Can an Unbeliever be A part of Your Worship Program?
As a worship leader it will be significant that you simply contemplate the question of whether or not an unbeliever might be a part of your worship program. I'm typically asked this question when two situations happen in a church: there are few team members obtainable for the worship program, and the person who just isn't a Christian is a very proficient individual. You probably have a large church with many proficient musicians then the question could not have an effect on you as much, but if your team is small and a very gifted musician or singer is in the wings, are you able to willingly accept them into your worship program with a clear conscience?
What is the Worship Program Really About?
When considering your team, it's essential to cease for a second and ask your self what the worship program is all about. Is it about having an important sound, or being professional or rocking the congregationís socks off? Or is it about leading your church family right into a deeper, more meaningful relationship with the Lord?
I might counsel to you that the worship program must be about leading people to God in worship. Certain, we want to be professional and to play and sing to a high and exquisite standard, but I might suggest that these are secondary concerns in your worship program. A worship program is a spiritual occasion, not a live performance, so the concept a non-believer can be part of your team is unquestionably out of phase with the goals of your worship program team.
Who Qualifies Somebody to Take Half in the Worship Program?

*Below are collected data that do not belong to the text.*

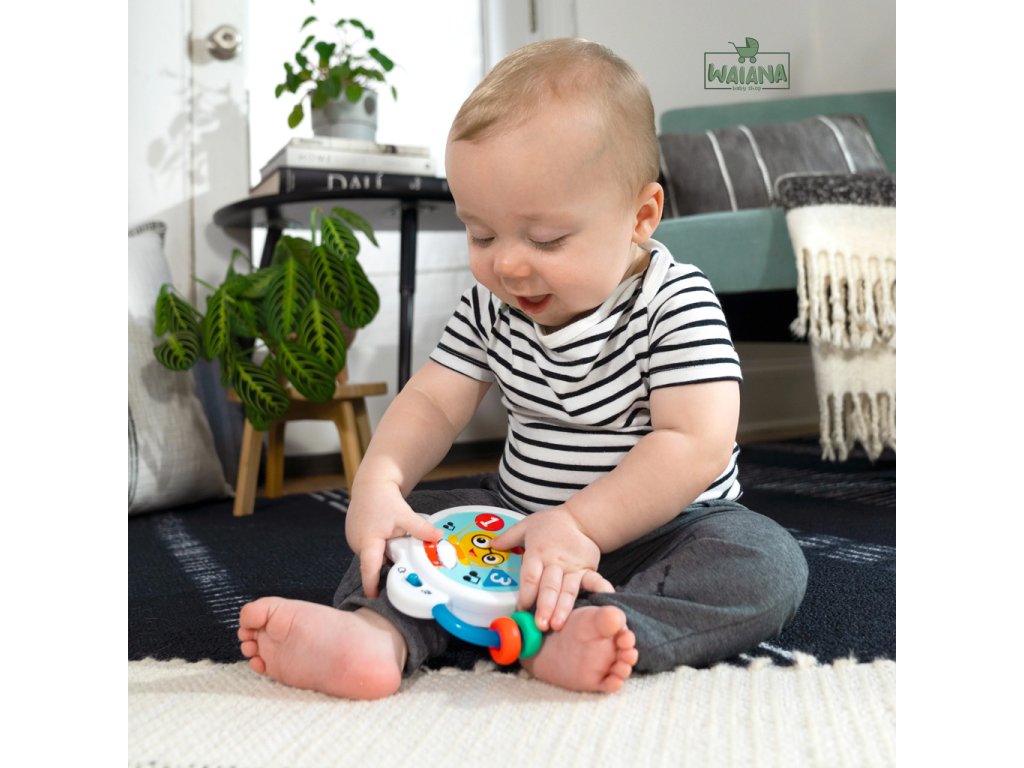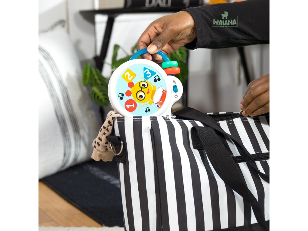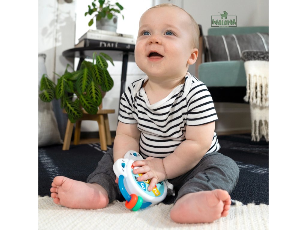 Pomôžte bábätku objavovať hudbu s hudobnou hračkou – bubnom Tiny Tempo. Tento ľahký a prenosný bubon obsahuje 21 reálnych zvukov nástrojov, 6 klasických melódií a dvojitý prstenec s korálkami, ktorý podporuje hudobné objavovanie, učenie sa princípu príčina–následok a rozvoj jemnej motoriky. Vďaka dvom herným režimom môže bábätko v režime Drum Play vytvárať jedinečné rytmy jednoduchým ťuknutím, alebo si v režime Melody zahrať spolu so 6 klasickými skladbami. Každé ťuknutie podporuje učenie príčina–následok. Hračka s korálkami pomáha rozvíjať obratnosť a jemnú motoriku. Farebné nálepky zoznamujú s farbami, číslami a tvarmi a obľúbený hudobný kamarát Cal the Caterpillar z kníh a videí Baby Einstein povzbudzuje bábätko pri hudobnom objavovaní. Bubon je ideálny na hudbu na cestách – je malý, ľahký, ľahko sa drží aj trasie a podporuje hudobné zapojenie v kočíku, na cestách aj pri hre doma. Vyžaduje 2 AA batérie. Čistí sa jednoducho utretím.
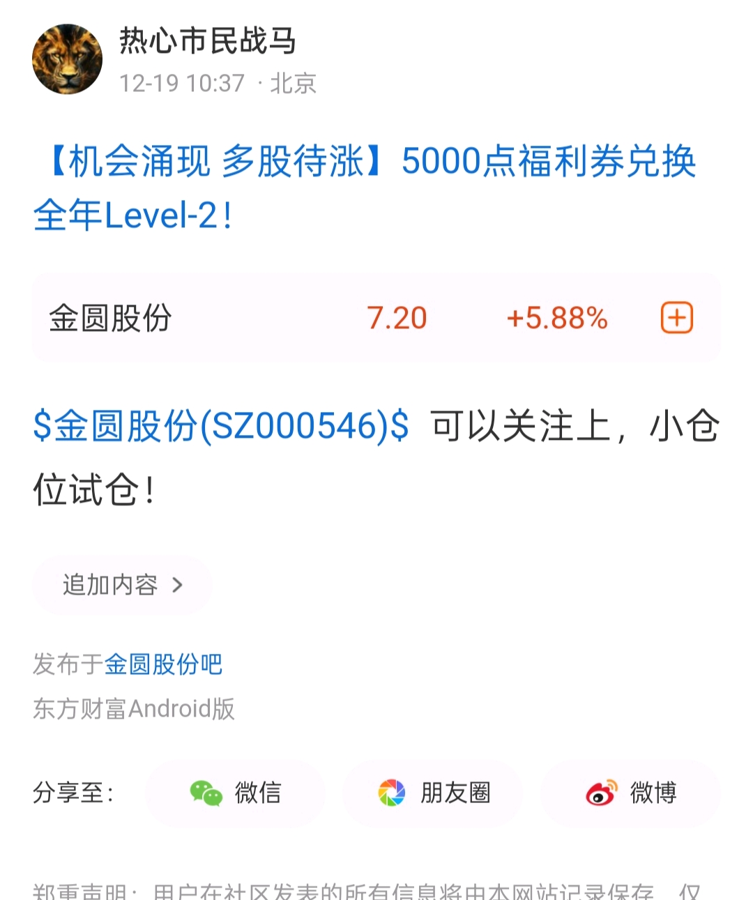 温馨提示: 1.根据《证券法》规定,禁止编造、传播虚假信息或者误导性信息,扰乱证券市场;2.用户在本社区发表的所有资料、言论等仅代表个人观点,与本网站立场无关,不对您构成任何投资建议。用户应基于自己的独立判断,自行决定证券投资并承担相应风险。《东方财富社区管理规定》
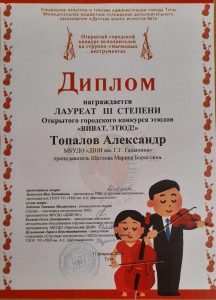 Поздравляем обучающегося нашей школы Топалова Александра,
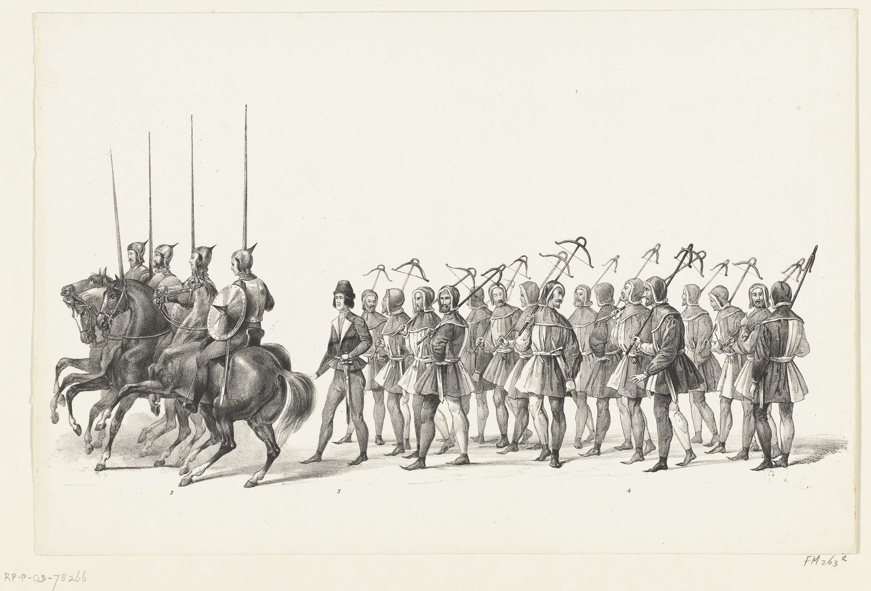 Optocht nrs 2-4: ruiters en boogschutters. Onderdeel van de prentserie van de Maskerade van de intocht van hertog Jan van Beieren te Leiden op 18 augustus 1420 door de Leidse studenten op 8 februari 1840.

In groups that I've lead, one of many core requirements of crew members is that they know Jesus and have a relationship with Him. Non-believers can undoubtedly play effectively, sing well, and doubtless perform properly, however they haven't any idea of the very central concept of the worship program: nearer communion with the Lord. Yes, we wish it played and sung brilliantly, however we do not want to compromise the spirit of our worship program simply to sound a bit better.
One of the first main worship program teams I assembled featured an excellent drummer who was not a Christian, but who proved to be a demanding and slightly aggressive team member. We had a backup drummer who was relegated to percussion, and who was just happy to be a part of the worship program at all. When the unbelieving drummer didnít trouble to show up to observe twice over because he mentioned he was ok, I appointed the Christian guy. He could not play as properly, however he had an amazing spirit and understood what humility and serving within the worship program was all about.

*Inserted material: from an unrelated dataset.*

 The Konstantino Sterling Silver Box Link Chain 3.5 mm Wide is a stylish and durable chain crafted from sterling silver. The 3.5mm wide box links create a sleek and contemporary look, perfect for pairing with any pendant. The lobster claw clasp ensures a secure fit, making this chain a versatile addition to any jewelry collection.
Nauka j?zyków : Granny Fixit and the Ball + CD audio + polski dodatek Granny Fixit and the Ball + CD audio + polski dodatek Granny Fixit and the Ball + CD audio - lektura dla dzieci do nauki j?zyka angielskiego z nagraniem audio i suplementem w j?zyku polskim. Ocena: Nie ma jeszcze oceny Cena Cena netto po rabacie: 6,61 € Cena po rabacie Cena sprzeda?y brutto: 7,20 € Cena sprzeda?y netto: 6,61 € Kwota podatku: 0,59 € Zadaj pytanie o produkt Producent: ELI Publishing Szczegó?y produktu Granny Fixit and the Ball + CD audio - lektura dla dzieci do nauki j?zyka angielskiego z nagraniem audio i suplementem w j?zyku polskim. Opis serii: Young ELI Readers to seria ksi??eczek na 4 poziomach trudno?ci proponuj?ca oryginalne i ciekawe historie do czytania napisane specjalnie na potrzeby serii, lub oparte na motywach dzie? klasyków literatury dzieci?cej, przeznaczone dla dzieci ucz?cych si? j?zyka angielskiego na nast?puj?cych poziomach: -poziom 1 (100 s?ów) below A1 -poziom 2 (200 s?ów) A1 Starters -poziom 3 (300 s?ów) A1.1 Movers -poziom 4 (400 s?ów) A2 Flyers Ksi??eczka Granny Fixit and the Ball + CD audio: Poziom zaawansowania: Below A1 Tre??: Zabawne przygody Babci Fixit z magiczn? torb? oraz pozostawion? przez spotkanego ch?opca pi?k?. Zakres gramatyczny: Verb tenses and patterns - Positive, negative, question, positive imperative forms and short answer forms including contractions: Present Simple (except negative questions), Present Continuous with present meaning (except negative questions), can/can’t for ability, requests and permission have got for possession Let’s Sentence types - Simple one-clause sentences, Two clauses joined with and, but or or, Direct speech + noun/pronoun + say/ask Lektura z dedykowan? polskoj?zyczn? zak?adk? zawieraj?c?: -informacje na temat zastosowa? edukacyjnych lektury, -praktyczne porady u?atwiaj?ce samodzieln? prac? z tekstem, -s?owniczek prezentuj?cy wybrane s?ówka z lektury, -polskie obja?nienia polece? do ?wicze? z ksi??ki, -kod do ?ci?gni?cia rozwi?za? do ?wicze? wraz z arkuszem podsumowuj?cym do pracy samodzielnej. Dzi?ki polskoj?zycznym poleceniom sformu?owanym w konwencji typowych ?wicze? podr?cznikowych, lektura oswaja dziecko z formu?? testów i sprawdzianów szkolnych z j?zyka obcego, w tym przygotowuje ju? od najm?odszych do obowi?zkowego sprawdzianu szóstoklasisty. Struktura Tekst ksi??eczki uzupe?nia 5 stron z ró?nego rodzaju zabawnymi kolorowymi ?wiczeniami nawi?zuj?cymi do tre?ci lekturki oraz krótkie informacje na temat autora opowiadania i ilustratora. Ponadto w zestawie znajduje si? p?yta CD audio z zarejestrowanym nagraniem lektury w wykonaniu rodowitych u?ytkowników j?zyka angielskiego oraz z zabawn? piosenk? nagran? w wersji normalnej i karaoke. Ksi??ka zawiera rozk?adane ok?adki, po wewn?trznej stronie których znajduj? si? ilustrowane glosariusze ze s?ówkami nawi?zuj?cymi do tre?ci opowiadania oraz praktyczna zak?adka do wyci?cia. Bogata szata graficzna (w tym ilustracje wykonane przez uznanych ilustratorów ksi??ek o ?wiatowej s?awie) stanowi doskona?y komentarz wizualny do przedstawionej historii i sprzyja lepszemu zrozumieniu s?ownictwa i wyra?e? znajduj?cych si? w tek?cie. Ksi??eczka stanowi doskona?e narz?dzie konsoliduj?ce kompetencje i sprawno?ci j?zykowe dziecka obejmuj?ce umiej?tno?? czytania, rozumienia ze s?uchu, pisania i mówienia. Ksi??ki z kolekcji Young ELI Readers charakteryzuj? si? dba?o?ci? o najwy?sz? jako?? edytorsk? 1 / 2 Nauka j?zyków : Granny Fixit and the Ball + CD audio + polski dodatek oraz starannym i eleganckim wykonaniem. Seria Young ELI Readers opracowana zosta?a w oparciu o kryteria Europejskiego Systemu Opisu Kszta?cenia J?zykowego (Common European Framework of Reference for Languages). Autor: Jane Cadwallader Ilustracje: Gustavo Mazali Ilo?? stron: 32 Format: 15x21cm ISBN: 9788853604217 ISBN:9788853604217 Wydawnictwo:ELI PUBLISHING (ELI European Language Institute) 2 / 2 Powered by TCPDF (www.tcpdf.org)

Can the Worship Program Be a Instrument To Reach Team Members?
In most fashionable churches, the pressure is on worship leaders to sound great and act professional (and this implies accepting talented people whose lives should not proper with the Lord) and I consider that worship leaders have to make a stand in their worship program. I have heard of non-believers becoming Christians due to their involvement within the worship band, but I don't really feel that that is the way we should be operating. Why not lead them to the Lord first (when there isn't any ego opportunity at stake), then introduce them to the entire idea of worship, both personal and corporate.

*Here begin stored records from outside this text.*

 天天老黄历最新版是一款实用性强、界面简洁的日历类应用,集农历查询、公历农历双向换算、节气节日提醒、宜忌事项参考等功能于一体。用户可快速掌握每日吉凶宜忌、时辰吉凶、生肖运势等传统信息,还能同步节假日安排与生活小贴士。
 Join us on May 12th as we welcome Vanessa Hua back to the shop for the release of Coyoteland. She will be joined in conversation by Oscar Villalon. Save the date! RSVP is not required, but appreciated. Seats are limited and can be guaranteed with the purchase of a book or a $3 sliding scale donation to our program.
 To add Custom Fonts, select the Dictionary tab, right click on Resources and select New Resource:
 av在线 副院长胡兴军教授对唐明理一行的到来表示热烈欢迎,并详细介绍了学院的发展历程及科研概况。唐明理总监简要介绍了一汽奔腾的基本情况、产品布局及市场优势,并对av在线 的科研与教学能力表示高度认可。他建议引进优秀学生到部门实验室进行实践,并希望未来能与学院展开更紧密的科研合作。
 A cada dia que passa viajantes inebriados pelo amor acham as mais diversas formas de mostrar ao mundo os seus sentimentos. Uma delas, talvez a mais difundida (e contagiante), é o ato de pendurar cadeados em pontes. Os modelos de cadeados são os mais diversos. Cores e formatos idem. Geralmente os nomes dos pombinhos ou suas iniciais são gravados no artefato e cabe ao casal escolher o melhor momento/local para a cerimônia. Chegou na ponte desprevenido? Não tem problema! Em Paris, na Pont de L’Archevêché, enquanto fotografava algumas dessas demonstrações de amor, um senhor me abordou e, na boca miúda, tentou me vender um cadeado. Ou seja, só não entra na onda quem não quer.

Using worship team involvement to win a proficient unbeliever to Christ is a bit like marrying an unbeliever to witness to them and lead them to Christ. It's across the wrong way! It's troublesome to seize a true spirit of worship when the workforce to your worship program is unequally yoked!
So, worship leaders and pastors, let us make a stand for what is right and ensure our worship crew is focused on the true activity of leading folks to Christ. We must worship in Spirit and in reality, not simply have skilled music and presentation. Donít permit your worship program to be held to ransom by talented non-believers.